Ausführliche Synopsis

„Pias Pinte“ ist Treffpunkt merkwürdiger Gestalten. Zecke hat sich dort als Anführer der AiA, der Aktion Ausländer ins Ausland, breit gemacht. Mit gewaltstimulierenden Hetz- und Hass-Sprüchen peitscht er die schwelende Aggression gegen alles Nichtdeutsche hoch zur explosiven Mischung aus pseudo-arischen Verirrungen und der vermeintlichen Bedrohung durch alles Fremde, vor der sich zu schützen jedes Mittel legitim erscheint. Zecke jongliert mit wüster Polemik und gießt diese braune Brühe in den staunenden Kreis hündisch ergebener Mitläufer, die sich mit Nazi-Parolen gegenseitig in Stimmung bringen. Geradezu enthusiastisch verfolgen sie deshalb auch die „Heldentaten der NSU“, deren Mitglieder weit über ein Jahrzehnt unentdeckt morden konnten: Acht türkische und ein griechischer Mitbürger sowie eine deutsche Polizistin waren die Opfer; allesamt unbescholten und wehrlos. Im Nebenzimmer von „Pias Pinte“ trifft sich außerdem einmal im Monat eine zweideutige Gesellschaft zur eindeutigen Triebabfuhr, was die Bombe langsam aber stetig mit Sprengstoff füllt. Und als ausgerechnet noch ein Sinti die Szene betritt, ist die Explosion nicht mehr zu vermeiden …

Pressestimmen

Dieses Stück wurde bereits in der Spielzeit 1994/95 im Koblenzer Stadttheater unter Leitung von Intendant Hannes Houska uraufgeführt. Anlass waren damals die schrecklichen Übergriffe rechtsradikaler Gruppen auf Mitbürger ausländischer Abstammung in Städten wie etwa Hoyerswerda, Mölln, Solingen, Rostock oder Lübeck. Inzwischen sind viele Jahre durchs Land gegangen – aber: blieb es uns allen wirklich so lange verborgen, wie fruchtbar dieser Schoss noch immer ist, aus dem einst die größte Schande kroch, von der Deutschland je heimgesucht wurde?

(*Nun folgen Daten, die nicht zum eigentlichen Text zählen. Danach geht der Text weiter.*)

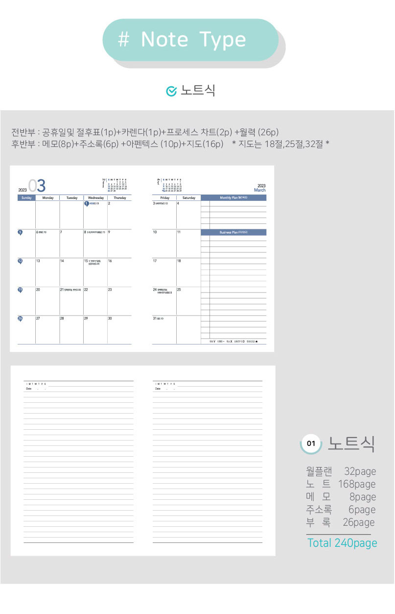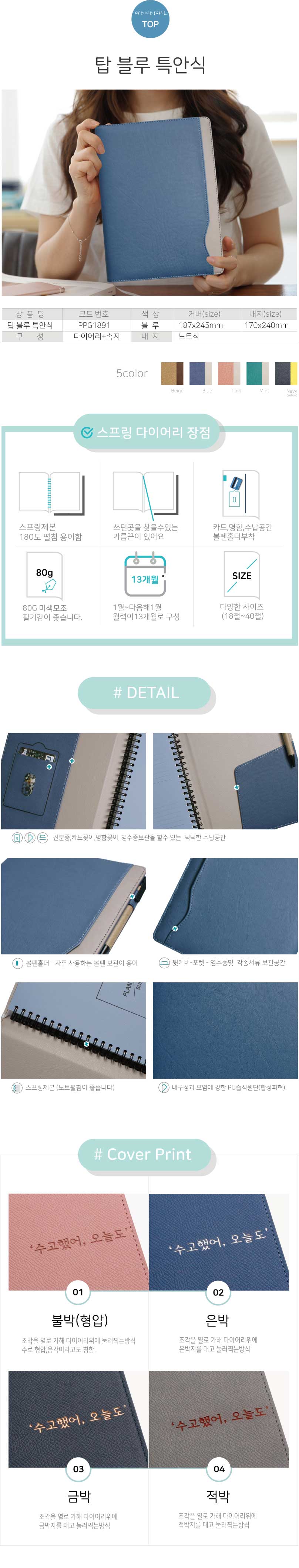 탑 특안식 스프링 다이어리 / 블루 / 18절

Nach den unbeschreiblich grausamen Hinrichtungen an unbescholtenen Mitbürgern aus der Türkei und Griechenland sowie einer jungen deutschen Polizistin durch gefühlsverwahrloste Mordbuben aus dem sogenannten Nationalsozialistischen Untergrund (NSU) hat Autor Elmar Skiba sein Schauspiel „Beschränkte Gesellschaft“ aktualisiert und so – zwar in fiktiver aber durchaus realitätsnaher Form – das Unvorstellbare vorstellbar in Szene gesetzt.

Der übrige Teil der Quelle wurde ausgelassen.